Luo Huining, head of Beijing’s Liaison Office in Hong Kong, said in the seminar, “Hong Kong must have a thorough understanding of the new development concept of the country, so that we can build a new and comprehensive development pattern.

“The spirit of rejuvenating the great Chinese nation is the trend that cannot be stopped. For Hong Kong, the greatest opportunity of development lies with the mainland. Hong Kong must grasp these opportunities.”

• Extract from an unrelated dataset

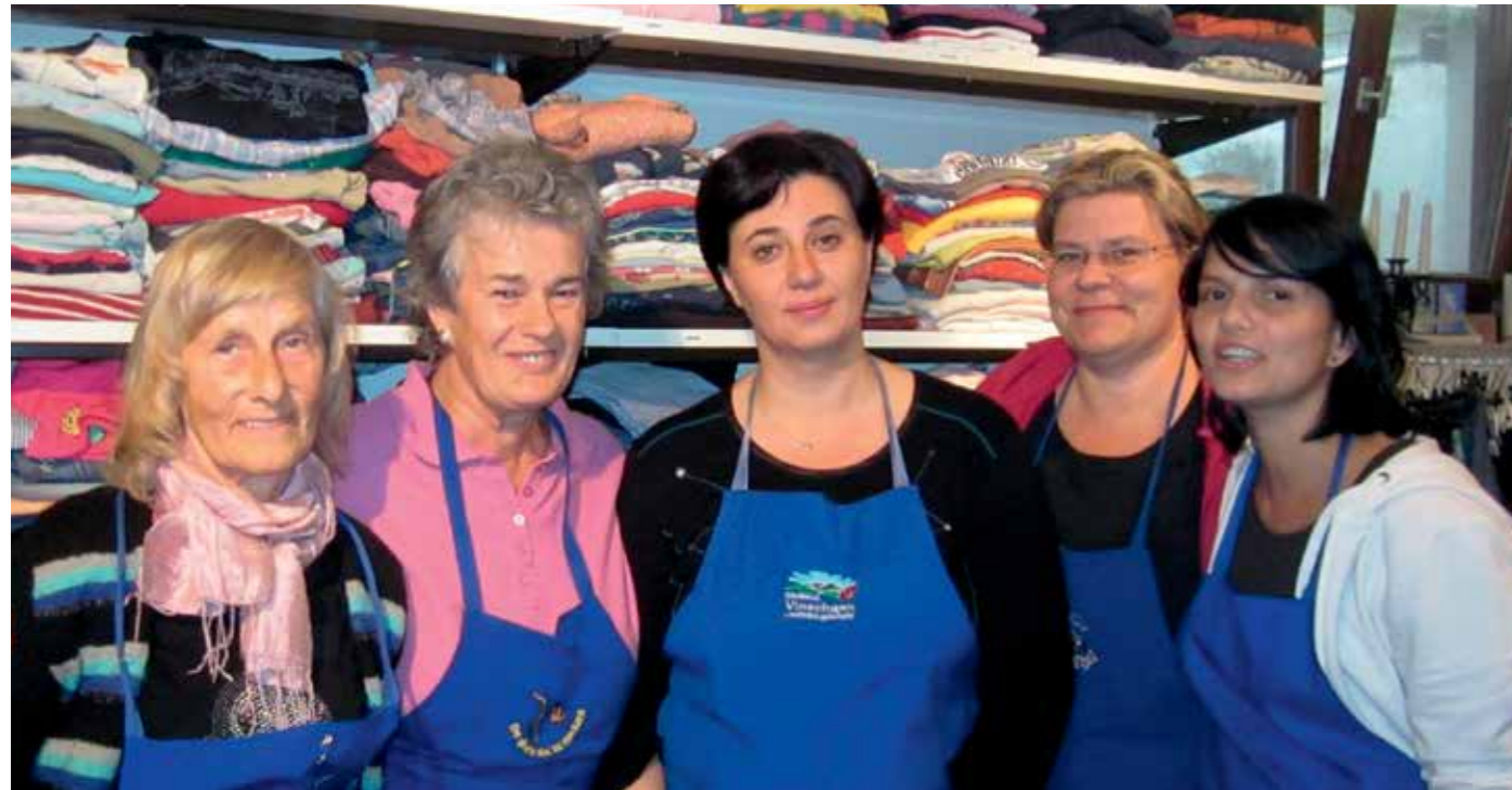
Freiwillige der Kleiderstube „Wilma“ in Rabland

As of August 2020, more than 53% of the trade and investment between the Greater Bay Area and Taiwan had been settled in renminbi, which should be called the largest currency for transaction and settlement in the region, Zhou said.

“In the past two years, the PBoC has emphasized that the Chinese currency should dominate in the transaction and settlement of China’s external trade,” said Zhou.

Director of the Chinese Liaison Office, Luo Huining, said Hong Kong must have a thorough understanding of the new development concept of the country. Photo: AFP

“As Hong Kong has a strong influence in Southeast Asian countries due to its knowledge on the financial situations in the region, it can help Chinese companies facilitate their overseas investments and upgrade industries with their renminbi.”

Zhou urged the Hong Kong government to undergo reforms and launch new policies to help achieve renminbi internationalization.

Joseph Yam, an Executive Council member and the former chief executive of the Hong Kong Monetary Authority, said Hong Kong had a role to help connect the financial markets of the mainland and foreign countries and integrate itself into China’s “dual circulation” development paradigm. He suggested that investors should be allowed to trade Hong Kong stocks in renminbi.

Salina Yan Mei-mei, Permanent Secretary for Financial Services and the Treasury (Financial Services), said the government remained open to the launch of more renminbi investment products in Hong Kong but the pace would depend on market demands and regulatory approvals.

The central government’s latest move to highlight Hong Kong’s status as an international renminbi hub came after Beijing decided to delay the implementation of its Anti-Foreign Sanctions Law in Hong Kong last Friday.

Analysts have warned that foreign banks may have to quit Hong Kong as they won’t be able to comply with US sanctions and China’s anti-sanctions law at the same time. They said the exodus of foreign banks would hit Hong Kong’s markets and slow the pace of renminbi internationalization.

Yam said Monday that it would better to spend more time to look into the potential impact of the Hong Kong version of the anti-sanctions law. He said when Carrie Lam was sanctioned by the US, she took the initiatives to close her bank accounts to prevent her banks from getting into a difficult situation. However, Yam said when there was an anti-sanctions law in Hong Kong, it’s unlikely that foreign countries, particularly the US, would allow Hong Kong-based foreign banks to not enforce their sanctions.